What follows is a sampling of what I consider my favorite “mountaintop” moments over the course of my undergrad. I think a lot of these moments arise from the interaction between concepts in different classes, when learning one thing made me think of something I’d known before in a previous light.

In 15-252 More Great Ideas in Theoretical Computer Science, we spent our time going over a lot of really cool stuff, but probably my favorite was spectral graph theory. In brief, spectral graph theory tries to relate combinatorial properties of graphs with properties of their algebraic representations.

Here’s one very accessible example: if you’ve studied computer science before, you’re probably familiar with the *adjacency matrix* representation of a graph. Given some graph $G = (V, E)$, the adjacency matrix $A$ is the matrix indexed by $(u,v) \in V^2$ with $A_{u,v} =
\begin{cases}
1 & (u,v) \in E \\ 0 & (u,v) \notin E.
\end{cases}$ What’s nice is that this is also the representation used practically in many programs; it’s not just some abstract theoretical construct. Let’s refer to the eigenvalues of $A$ as $\lambda_1 \ge \lambda_2 \ge \cdots \ge \lambda_n$.^{1}

I used to think of the adjacency matrix as just an implementation trick, not really related to any interesting theoretical properties of graphs. But it turns out that the eigenvalues $\lambda_i$ actually tell you quite a lot about the graph! For example, here are some *really* cool theorems:^{2}

- If $G$ is $d$-regular (i.e. all vertices have degree $d$), then $G$ is connected if and only if $\lambda_2 < d$. (More generally, you can relate the number of eigenvalues equal to $\lambda_1$ to the number of connected components of $G$.)
- Let $G$ be connected. Then $\lambda_n = -\lambda_1$ if and only if $G$ is bipartite. (A version of this was one of our homework problems!)

Adjacency matrices also pop up elsewhere; for example, Markov chains can be modeled in terms of powers of the transition matrix (for random walks on graphs, this is essentially a weighted adjacency matrix), and the eigenvector with $\lambda = 1$ of the transition matrix gives the stationary distribution.^{3} I think this result is much more intuitive than the previous one about connectivity.
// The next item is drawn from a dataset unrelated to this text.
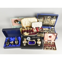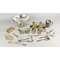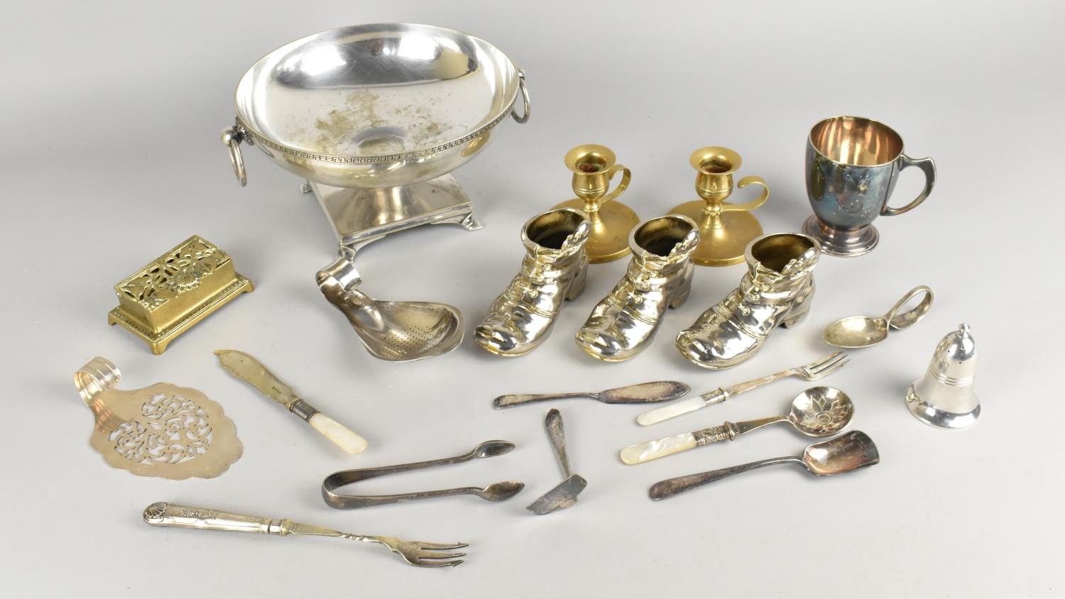A Collection of Metalwares to Comprise Silver Handled Kings Pattern Pickle Fork, Mother of Pearl Handled Cutlery, Silver Plated Twin Handled Pedestal Bowl, Brass Stamp Holder etc
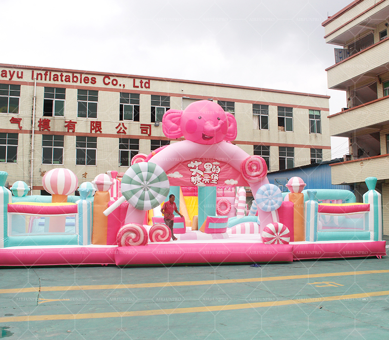 Our structures are made of commercial-grade PVC fabric (0.45mm/0.55mm thickness) with anti-tear coating and non-slip surfaces. All products comply with ASTM F24 amusement safety standards and undergo weekly pressure tests to ensure stability in winds up to 25 mph.

There’s a *lot* more that could be said about spectral graph theory, especially relating to expander graphs (basically sparse graphs with good connectivity), but the connection between eigenvalues and connectivity was what initially wowed me so much, because it linked two fairly elementary things in an unintuitive way.

Regular expressions are another very practical part of computing; most programmers have probably used them at some point or another. I’m particularly fond of them because they’re a place where *good theory* and *good implementation* meet; for a classic tour of this intersection, see Russ Cox’s blog post on implementing regular expression matching using nondeterministic finite automata.

But the connections between math and regular expressions go far deeper than that. There’s a lot of beautiful algebraic structure behind regular expressions, captured by Kleene algebras. What do I mean by this? Well, in the spirit of *a monad is just a monoid in the category of endofunctors*,^{4} I’d like to offer: *a Kleene algebra is just an idempotent semiring endowed with a closure operator*.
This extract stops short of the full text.